Le Journal officiel du 30 août 1940, page 4844, publie la loi du 27 août 1940 portant abrogation du décret-loi du 21 avril 1939, modifiant les articles 32, 33 et 60 de la loi du 29 juillet 1881 sur la liberté de la presse :
« Art. 1°. – Est abrogé le décret-loi du 21 avril 1939, modifiant les articles 32, 33 et 60 de la loi du 29 juillet 1881 sur la liberté de la presse.
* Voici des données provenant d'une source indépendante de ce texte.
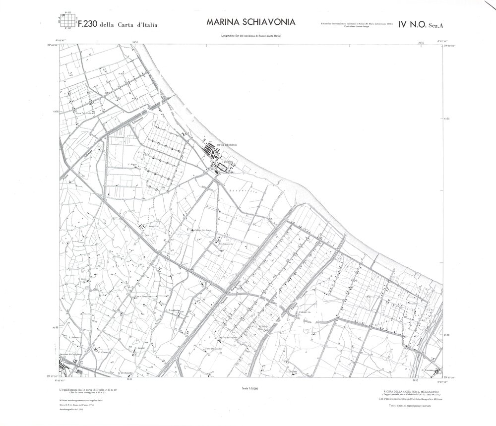 Rilievo eseguito da ditte private a cura della Cassa per il Mezzogiorno (legge speciale per la Calabria 26/11/1955 n°1177) con l’assistenza tecnica dell’ I.G.M. Rilievo aereofotogrammetrico,proiezione naturale,stampa in nero,equidistanza tra le curve mt.10. Le fotoriprese aeree furono eseguite nel 1954, l’elemento cartografico era la sezione di tavoletta, ossia 1/4 di tavoletta, distinta dalle lettere A;B;C;D.

Les dispositions antérieures des articles précités sont remises en vigueur.

« Art. 2. – Amnistie pleine et entière est accordée, pour tous les faits commis antérieurement à la promulgation de la présente loi, aux délits prévus par les dispositions abrogées par l’article 1° du présent décret ».

****L’on pourrait penser qu’en Eden, Dieu ait dès le départ accordé une liberté totale à l’homme :
« ….L’Éternel Dieu fit pousser du sol des arbres de toute espèce, agréables à voir et bons à manger, et l’arbre de la vie au milieu du jardin, et l’arbre de la connaissance du bien et du mal.(…) L’Éternel Dieu prit l’homme, et le plaça dans le jardin d’Éden pour le cultiver et pour le garder. L’Éternel Dieu donna cet ordre à l’homme: Tu pourras manger de tous les arbres du jardin…. »(Gen.2v9)

Une liberté assortie toutefois d’un garde-fou : « mais tu ne mangeras pas de l’arbre de la connaissance du bien et du mal, car le jour où tu en mangeras, tu mourras »(v16-17)
Garde-fou qui a été rapidement violé par l’homme et la femme…tous deux motivés par la volonté d’atteindre le « No limit » (« vous serez comme des dieux »)

***** « Ce n’est pas la technique qui nous asservit mais le sacré transféré à la technique » (Ellul, Jacques. Les nouveaux possédés, 1973).

Jacques Ellul(mort en 1994) est un professeur d’histoire du droit, sociologue et théologien protestant français, surtout connu comme penseur de la technique et de l’aliénation au XXe siècle.

****** Moloch, dieu exigeant le sacrifice des enfants.

*******Inspirée d’une citation de Frédéric Rognon, relevée dans le débat « La Décroissance est-elle une hérésie ? » IN La Décroissance, décembre 2013, numéro 105, p15 : « il ne pourra y avoir de libération que si l’on profane la technique, et « que lorsque l’on aura enlevé l’aura de sacré qui entoure la technique. »

Frédéric Rognon est professeur de Philosophie des religions, à la Faculté de Théologie Protestante de Strasbourg.